Отрывочно осели в памяти события последних дней пребывания Дорогого Гостя в наших краях. И чем быстрее шло дело к финалу, чем яростнее набирала ход машина времени, тем фрагментарнее воспоминания. Никаких полутонов, только лейтмотив эпохальной симфонии…
Поначалу ничто не предвещало большой грозы. Казалось, все тучи уже пронесло, дожди миновали. С одной стороны, был доволен Хрящев. Он оседлал цыган, он показал генералам ху есть самый настоящий ху в их пустошах. Короче, внес очередной вклад в историю Отечества.
С другой стороны, поработали сопровождавшие Гостя лица. Все, что могло задеть чувства Высокого Гостя, было убрано с его пути, и внутренний оркестр в душах организаторов встречи играл нечто мажорное.
Дорогому Гостю было предложено поохотиться. Насколько я знаю, охоту готовили заранее — долго и тщательно, с тем чтобы она выглядела как событие совершенно случайное и оттого явилась бы для Гостя приятным сюрпризом.
Когда череда машин, возвращавшихся с полигона, остановилась на небольшой привал, столь необходимый, как показал опыт, для тех, кто ощущал переполнение желудков и мочевых пузырей, Первый улучил момент и осторожненько, будто собираясь вывести первую на деревне невесту в круг для танцев, взял Хрящева за локоток.
— Позвольте, дорогой Никифор Сергеевич, внести предложение. Так сказать, по ходу ведения мероприятий…
— Ну-ну, — поощрил наш Дорогой, — вноси. Рассмотрим.
Он, должно быть, хорошо знал, какие вносятся предложения в минуты, когда душа, освободившись от гнета вода и газов, парит в блаженном умиротворении над жизненной суетой и вкушает сладость быстротечного бытия. Знал и не опасался чужого своеволия.
— Есть предложение отдохнуть ловчим промыслом, — с галантностью старосветского помещика прошелестел Первый. — Мне доложили, что гусь пошел на озера…
— Ловчим промыслом? — спросил Хрящев и довольно потер руки. — Молодец, красиво сказал! Да и сама идея толковая. Мы хорошо поработали, значит, можем и отдохнуть. А где гусь?
— Тут, неподалеку, — изрек Первый, сияя. — На озере Славном.
Меня потрясла удивительная политичность Первого. Ах, как он умело перекрестил порося в карася. Ах, как умело!
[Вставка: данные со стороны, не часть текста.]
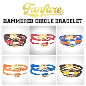 This hammered circle & suede bracelet adds a little edge to your game day getup! this hammered circle and suede bracelet features suede straps, a hammered gold circle and a magnetic closure. It is the perfect arm candy for game days, tailgates, or just any normal day. One size fits most. Nickel and lead free.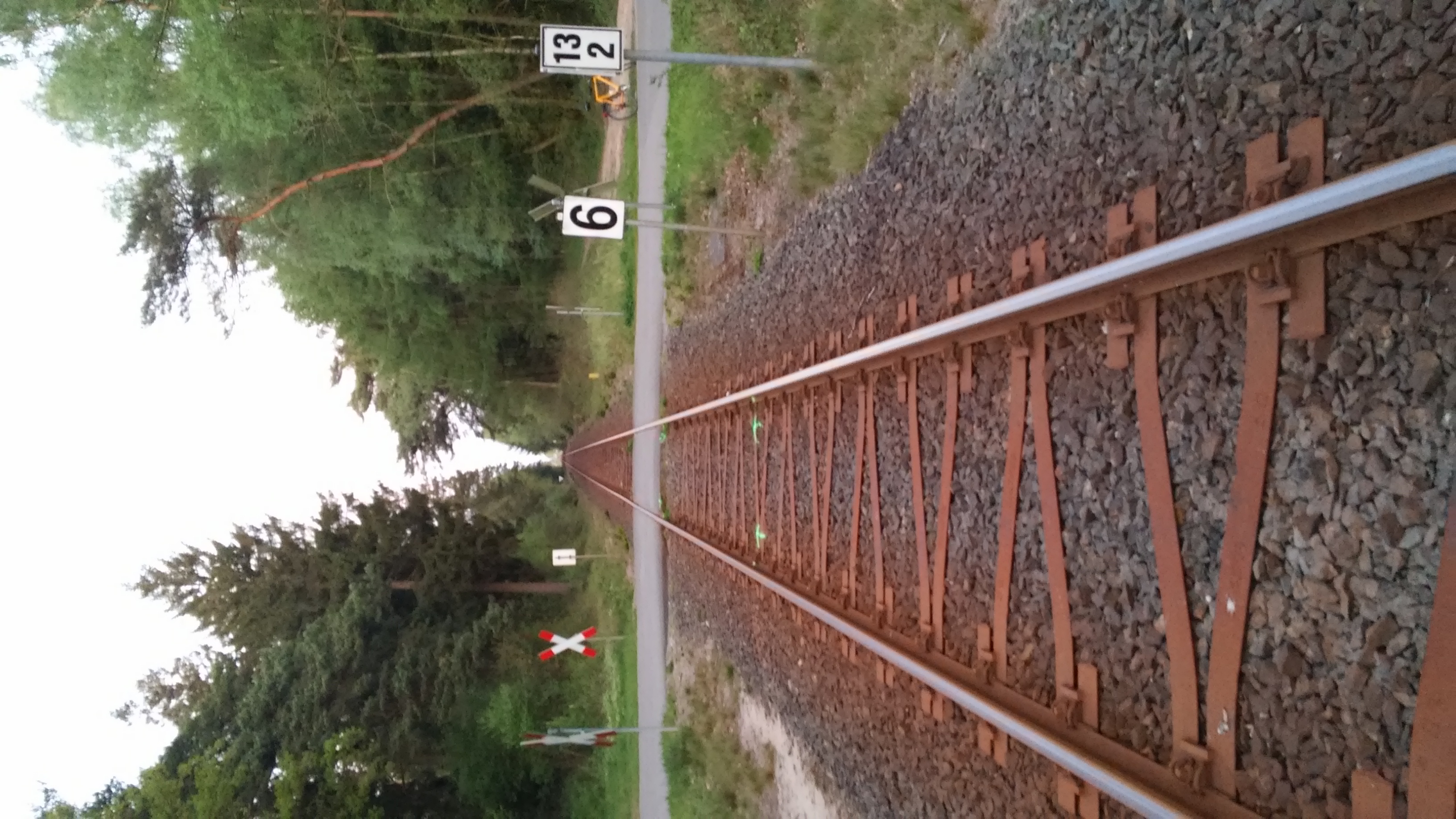 Blick auf den Bü Heeder Tannen in Richtung Osten am 9. Mai 2016. Typisch für diesen Teil der Strecke sind die sog. Y-Schwellen aus Stahl.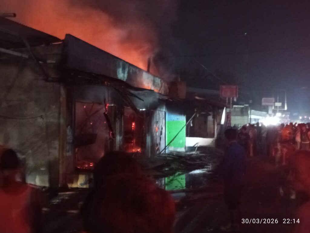 Exposebanten.com | TANGERANG – Kebakaran hebat menghanguskan tiga unit toko di kawasan Merak Pintu Air, Jalan Raya Balaraja-Kresek, Desa Parahu, Kecamatan Sukamulya, Kabupaten Tangerang, Kamis (30/3/2026) malam.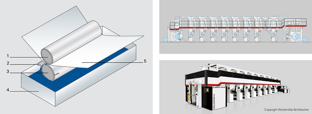 Gravure, also called rotogravure, developed from copperplate engraving. The direct printing process offers the highest printing quality and is used today in art reproduction as well as in the commercial printing sector. Rotogravure is used in particular for high and very high print runs, e.g. of catalogues and magazines. In contrast, sheet-fed gravure is reserved for more expensive and particularly high-quality print products. A gravure cylinder in whose surface the printing design is engraved acts as a printing form. A portion of the printing form dips into a tray with thin liquid printing ink. The ink is removed from the raised, non-printing surfaces with a doctor blade, similar to a steel ruler. Cell walls, which cover the cylinder like a grid shaped net, ensure the clean guidance of the doctor blade even over large surfaces to be printed. After the doctor blade wipe-off, the printing ink remains in the depths, the so-called cells, and is released through mechanical contact with the printing material.? Dark and lighter tones are created through more or less ink, i.e. through deep or less deep cells. Gravure is thus the only printing process where different thick ink layers and thus tonal values can be created inside a printing form. Gravure cylinders? are manufactured on a customised basis and are thus absolutely endless, which among other things explains their preferred use on flexible packaging materials. Printing fluctuations due to wear hardly exist in gravure.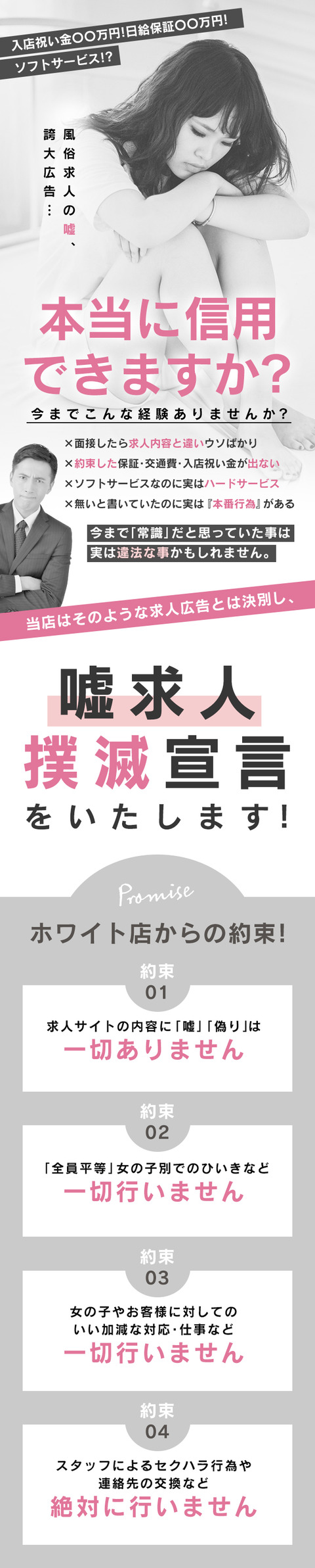 期間限定入店祝い金3万円プレゼントキャンペーン実施中!条件は出勤するだけ!ソフトサービスで性病の心配なし!雑費など引かれるものは一切無しで完全日払いで5万円以上可!優しいスタッフ&個室待機で居心地の良さ満点!シフト完全自由型で短時間、週1日からでもOKです!

Озеро, на которое приглашали Дорогого Гостя, испокон веков называлось Страмным. Когда-то посреди него на острове стоял мужской монастырь с уставом жестким и строгим. Игумен оного заведения Иосиф держал братию в рукавицах ежовых, оберегал обитель от проникновения за ее стены греха и соблазна. Но чем строже уставы, тем горячее страсти — это закон любого отгороженного от мира заведения. Монахи впадали в соблазн чаще, чем то было угодно богу и игумену, а монашьих деток в округе рождалось не меньше, чем крестьянских.
За отпущением грехов в святую обитель частенько наезжали вдовы — богатые из города, бедные из сел. После отпущения грехов, дабы сохранить на будущее необходимость в покаянии, вдовы увлекали братию в густые тальники и разнотравье, окружавшее голубое мирное озеро. Монахи «страмили» вдов, зная, что и без того слава о их заступничестве за убогих и сирых гуляет по всей губернии. Потому и мирное озеро получило в народе прозвание «Страмного».